**GOAL OF THE EXERCISE**
Copy exactly, from the beginning of the material below, every line up to and including the one holding "Auras Mason zeigt, dass", with the pictures left out.
RECORDS SUPPLIED: Begin
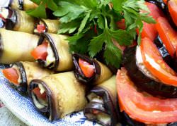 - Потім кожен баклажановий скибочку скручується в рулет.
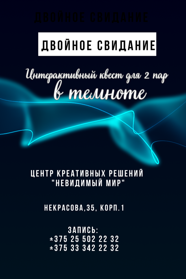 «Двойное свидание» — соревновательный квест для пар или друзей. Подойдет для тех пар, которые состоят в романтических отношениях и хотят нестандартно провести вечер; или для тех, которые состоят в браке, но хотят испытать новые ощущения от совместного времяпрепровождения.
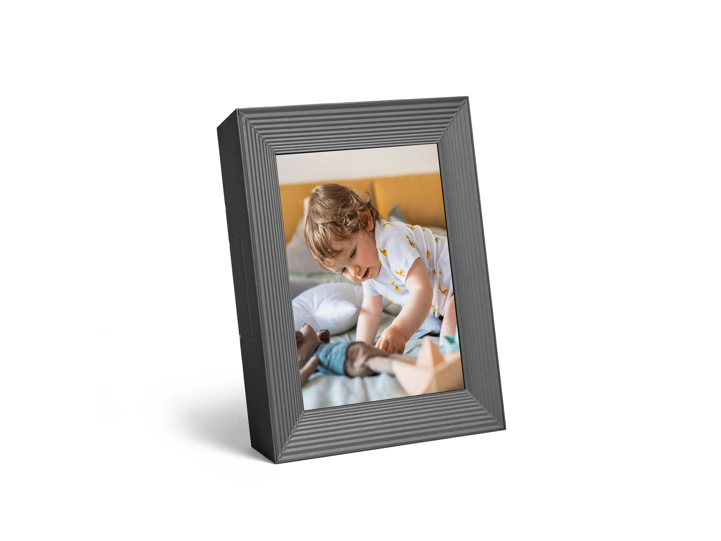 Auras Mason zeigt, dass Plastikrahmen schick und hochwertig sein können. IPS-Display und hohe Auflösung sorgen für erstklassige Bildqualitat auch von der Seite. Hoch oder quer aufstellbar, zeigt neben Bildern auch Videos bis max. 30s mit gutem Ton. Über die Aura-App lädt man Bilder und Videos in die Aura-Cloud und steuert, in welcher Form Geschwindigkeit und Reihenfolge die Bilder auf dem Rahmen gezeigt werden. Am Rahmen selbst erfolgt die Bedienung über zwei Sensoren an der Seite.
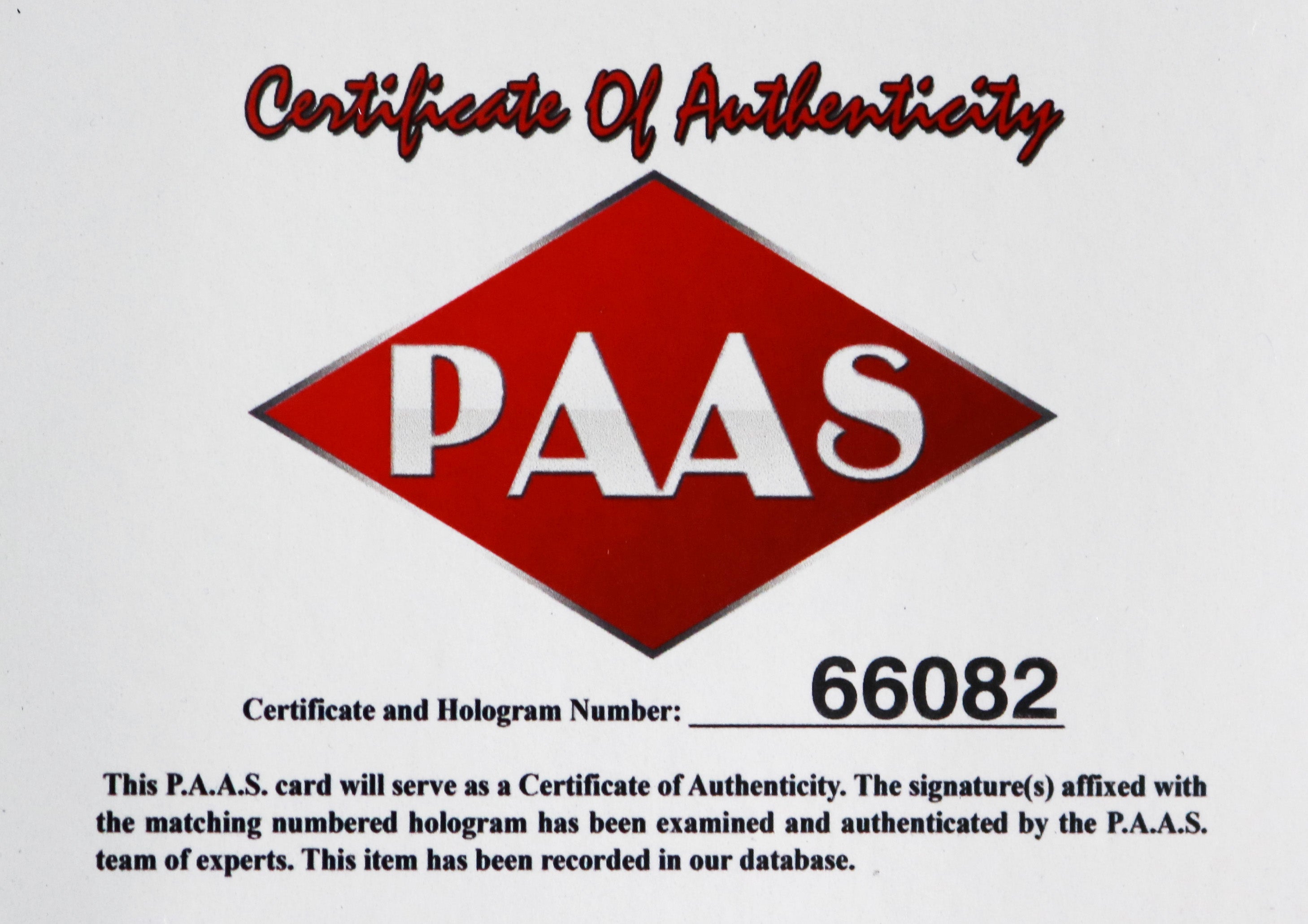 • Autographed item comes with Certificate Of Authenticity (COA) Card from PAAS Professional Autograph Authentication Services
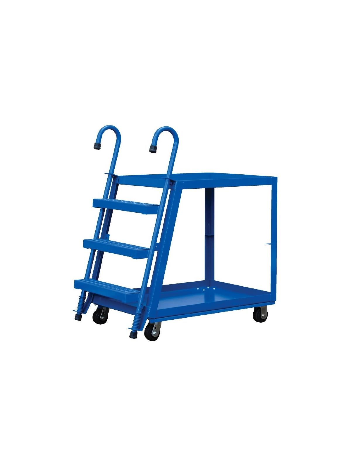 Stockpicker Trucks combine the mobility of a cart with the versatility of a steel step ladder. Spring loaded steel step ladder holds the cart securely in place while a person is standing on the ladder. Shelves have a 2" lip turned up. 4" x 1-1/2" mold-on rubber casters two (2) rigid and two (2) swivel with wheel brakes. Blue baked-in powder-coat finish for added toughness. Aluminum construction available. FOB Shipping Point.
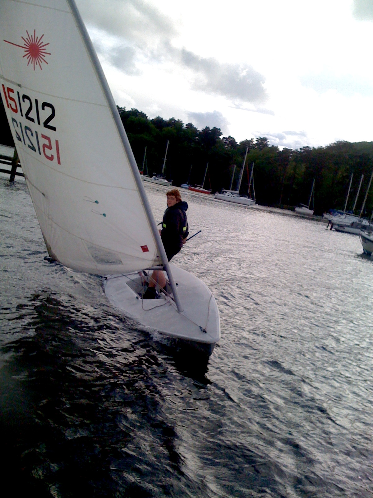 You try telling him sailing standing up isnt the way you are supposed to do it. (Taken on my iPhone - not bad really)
RECORDS SUPPLIED: End
**EXPECTED ANSWER**
 - Потім кожен баклажановий скибочку скручується в рулет.
 «Двойное свидание» — соревновательный квест для пар или друзей. Подойдет для тех пар, которые состоят в романтических отношениях и хотят нестандартно провести вечер; или для тех, которые состоят в браке, но хотят испытать новые ощущения от совместного времяпрепровождения.
 Auras Mason zeigt, dass Plastikrahmen schick und hochwertig sein können. IPS-Display und hohe Auflösung sorgen für erstklassige Bildqualitat auch von der Seite. Hoch oder quer aufstellbar, zeigt neben Bildern auch Videos bis max. 30s mit gutem Ton. Über die Aura-App lädt man Bilder und Videos in die Aura-Cloud und steuert, in welcher Form Geschwindigkeit und Reihenfolge die Bilder auf dem Rahmen gezeigt werden. Am Rahmen selbst erfolgt die Bedienung über zwei Sensoren an der Seite.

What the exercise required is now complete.